Holistic view on real estate location: insurance focus

Anna Amvrosova
7 min readSep 16, 2022


Correlations we studied in the equipment breakdown loss prediction model using the historical data sample of 2019–2020 show the following % of prediction improvements: the total predicted loss error was reduced by 15p.p with the addition of Habidatum mobility metrics alone and as much as 27 p.p. with the addition of all Habidatum metrics, including Location Risk Score, compared to the baseline model.

Insurance is about future risks and losses. It is a business of preparedness based on hints found via data, statistical simulations, estimates and probabilities. There is no other way to sell coverage for future losses than first simulate them, and then price them accordingly.

Most of the fulfilled risks, which previously led to real losses, have left their footprints, both directly and figuratively. Inhabited space, its characteristics, features and patterns represent the great field of risk evidence, no matter whether they have already been fulfilled, or are yet waiting for their turn to strike.

Location data is critical to estimate claims exposure and elaborate relevant policy pricing. Various types of insured risks relate to people’s mobility, concentrations, dwell time at real estate property and around it, along with property accessibility patterns.

Many property and liability risks can be explained through the world of real estate, as it hosts and anchors people’s social and business activities, becoming their focal points. However, property functional profiles, both current and ideal, and most of the risks associated with them, are the derivatives of catchment (influence) areas around those properties.

Real estate does not move, but everything around does, and more and more so. Real estate location, meaning an area around it inhabited by people and businesses, is a significant factor in commercial real estate performance, value formation, and the associated risks.

Location is not under the control of property owners, although it represents critical risks and opportunities for owners, creditors and investors in real estate. Location is an area, not the point. The area is hard to grasp and evaluate. It is especially difficult when there are many of them, and when it comes to massive property portfolios, comprising thousands of locations.

While a single property owner may know the neighborhood well, the actual area that shapes demand and risks for the property reaches far beyond the neighborhood, being formed by accessibility, travel time and transportation modes. Real estate property spatial context — transport connections and critical services, trade areas and their active population, social activity and commercial diversity — matters as the key factor of property value and resilience.

Moreover, when it comes to thousands or hundreds of thousands of properties in a portfolio, one needs an algorithm to pack various indicators of location potential and risk into several aggregated metrics, built independently to be processed quickly for modelling and operational use.

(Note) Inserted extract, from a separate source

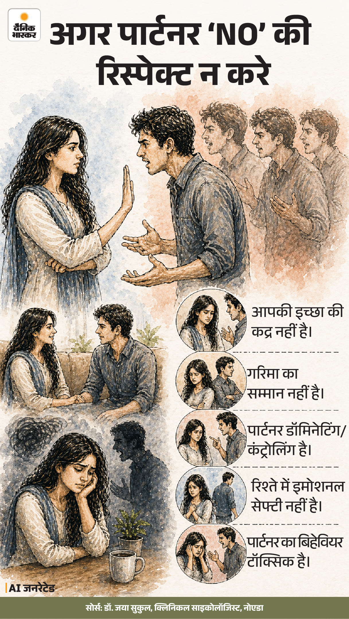 इंटीमेसी कोई ‘रिलेशनशिप टेस्ट’ नहीं है, जिसे पास करना जरूरी ही है। एक हेल्दी रिश्ते में ‘ना’ का सम्मान, ‘हां’ से भी ज्यादा जरूरी है। अगर आप तैयार नहीं हैं तो दबाव में लिया गया कोई भी फैसला आपकी मेंटल हेल्थ और रिश्ते, दोनों को नुकसान पहुंचा सकता है। आइए आपकी सिचुएशन को समझते हैं और सॉल्यूशन पर बात करते हैं। सबसे पहले ‘NO’ का मतलब समझिए-

As far as insurance is concerned, one can obtain from location data such information as the speed of first responder reaction to emergencies, time for recovery, lost business income due to insured casualties and many more.

In this brief post, we’d like to present our experience in applying location data to loss prediction models that we experimented on with several national and international insurance companies.

Location is not where you are, it’s where you are not

The first thing we’re invited to define and measure is the influence areas of real estate properties. These are areas from where the emergency services (fire, repair) and first responders will be called in case something happens with the property, and from where its visitors usually come. This is relevant for insurance covering damage both produced by external forces (like fire) and by internal causes (like equipment breakdown).

Transportation options are important to make the property accessible even if some of the connections are blocked for some reason. Travel time to the destination at risk is a proxy of possible damage property can be exposed to before the emergency services arrive. The amount of population around the property, its mobility patterns and socio-demographics define the location’s economic profile and help predict associated income losses in case of business interruption.

Our platform provides both absolute accessibility metrics, such as ‘time to reach the property’, or ‘number of emergency services around’, and relative ones — property type-specific Location Risk Score that allows comparisons of each and every location in the country by its commercial strength and associated risks.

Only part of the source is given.